Supplied material
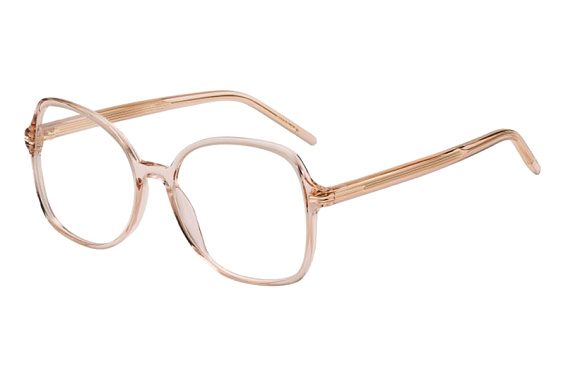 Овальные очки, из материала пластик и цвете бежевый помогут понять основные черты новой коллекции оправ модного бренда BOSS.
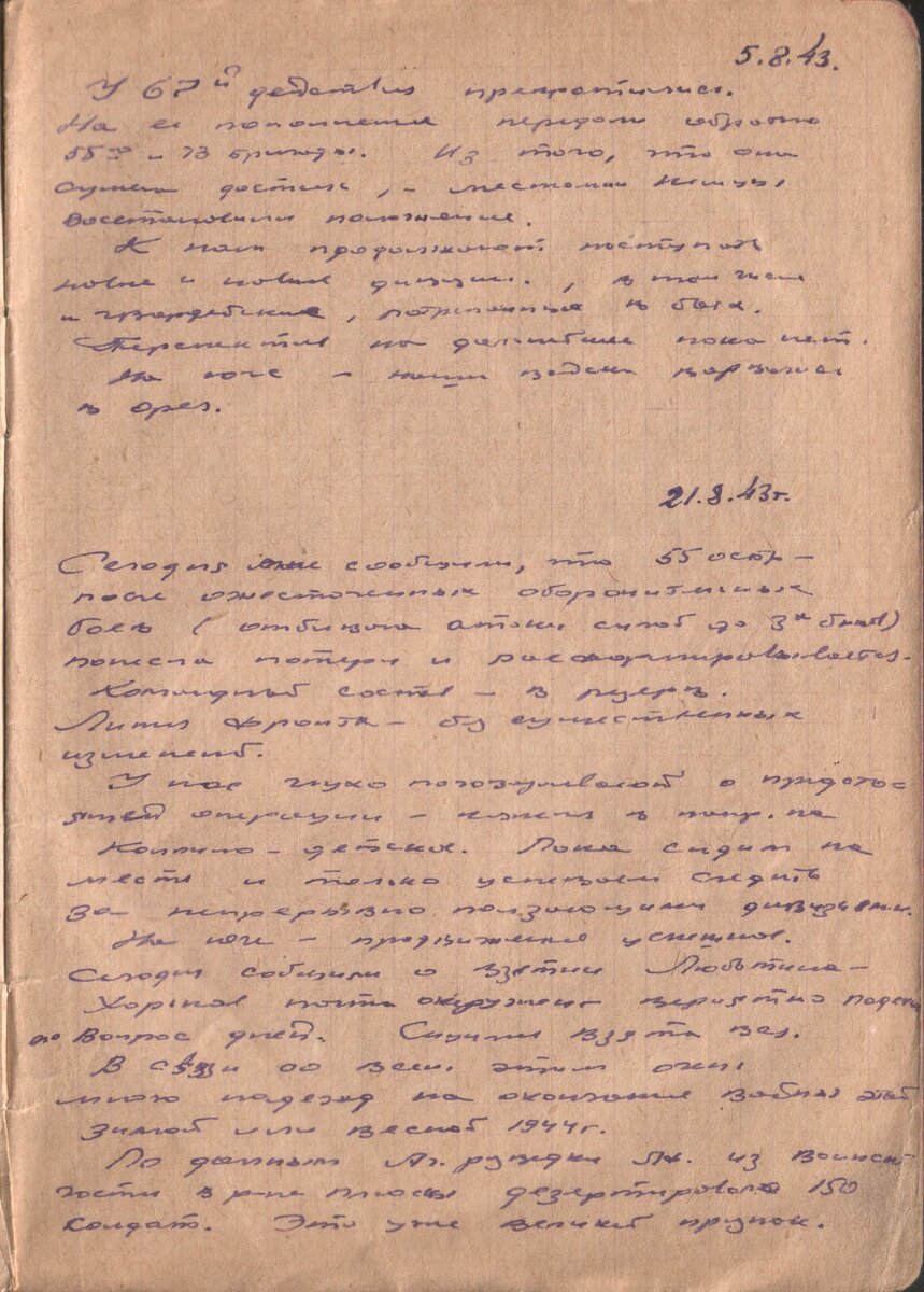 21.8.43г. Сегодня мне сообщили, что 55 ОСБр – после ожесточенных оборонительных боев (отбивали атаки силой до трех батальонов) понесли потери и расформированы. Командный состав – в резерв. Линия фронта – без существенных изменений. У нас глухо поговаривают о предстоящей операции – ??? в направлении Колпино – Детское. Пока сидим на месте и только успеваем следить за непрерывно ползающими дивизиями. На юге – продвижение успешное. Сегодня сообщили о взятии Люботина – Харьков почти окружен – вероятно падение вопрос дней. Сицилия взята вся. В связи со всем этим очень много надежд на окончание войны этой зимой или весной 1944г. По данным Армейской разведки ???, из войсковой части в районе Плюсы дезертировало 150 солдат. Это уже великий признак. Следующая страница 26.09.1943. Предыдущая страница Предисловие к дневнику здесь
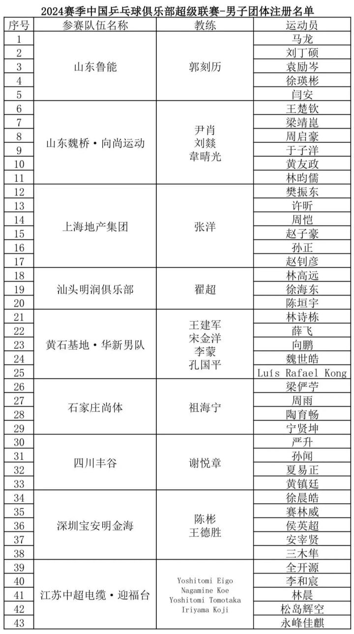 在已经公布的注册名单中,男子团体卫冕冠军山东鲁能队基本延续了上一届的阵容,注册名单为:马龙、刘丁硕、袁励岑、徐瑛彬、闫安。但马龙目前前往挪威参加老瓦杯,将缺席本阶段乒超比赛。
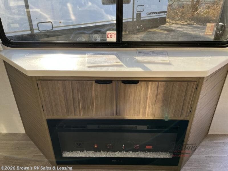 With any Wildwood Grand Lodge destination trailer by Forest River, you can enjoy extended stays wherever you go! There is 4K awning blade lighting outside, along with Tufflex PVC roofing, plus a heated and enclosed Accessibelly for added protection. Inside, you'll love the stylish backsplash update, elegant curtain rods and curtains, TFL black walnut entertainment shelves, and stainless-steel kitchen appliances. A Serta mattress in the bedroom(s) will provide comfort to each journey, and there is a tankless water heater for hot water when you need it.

What you should do
With the pictures omitted, print the lines above exactly, beginning at the line with "21.8.43г. Сегодня мне" and going on through the line with "在已经公布的注册名单中,男子".

Solution to this problem
 21.8.43г. Сегодня мне сообщили, что 55 ОСБр – после ожесточенных оборонительных боев (отбивали атаки силой до трех батальонов) понесли потери и расформированы. Командный состав – в резерв. Линия фронта – без существенных изменений. У нас глухо поговаривают о предстоящей операции – ??? в направлении Колпино – Детское. Пока сидим на месте и только успеваем следить за непрерывно ползающими дивизиями. На юге – продвижение успешное. Сегодня сообщили о взятии Люботина – Харьков почти окружен – вероятно падение вопрос дней. Сицилия взята вся. В связи со всем этим очень много надежд на окончание войны этой зимой или весной 1944г. По данным Армейской разведки ???, из войсковой части в районе Плюсы дезертировало 150 солдат. Это уже великий признак. Следующая страница 26.09.1943. Предыдущая страница Предисловие к дневнику здесь
 在已经公布的注册名单中,男子团体卫冕冠军山东鲁能队基本延续了上一届的阵容,注册名单为:马龙、刘丁硕、袁励岑、徐瑛彬、闫安。但马龙目前前往挪威参加老瓦杯,将缺席本阶段乒超比赛。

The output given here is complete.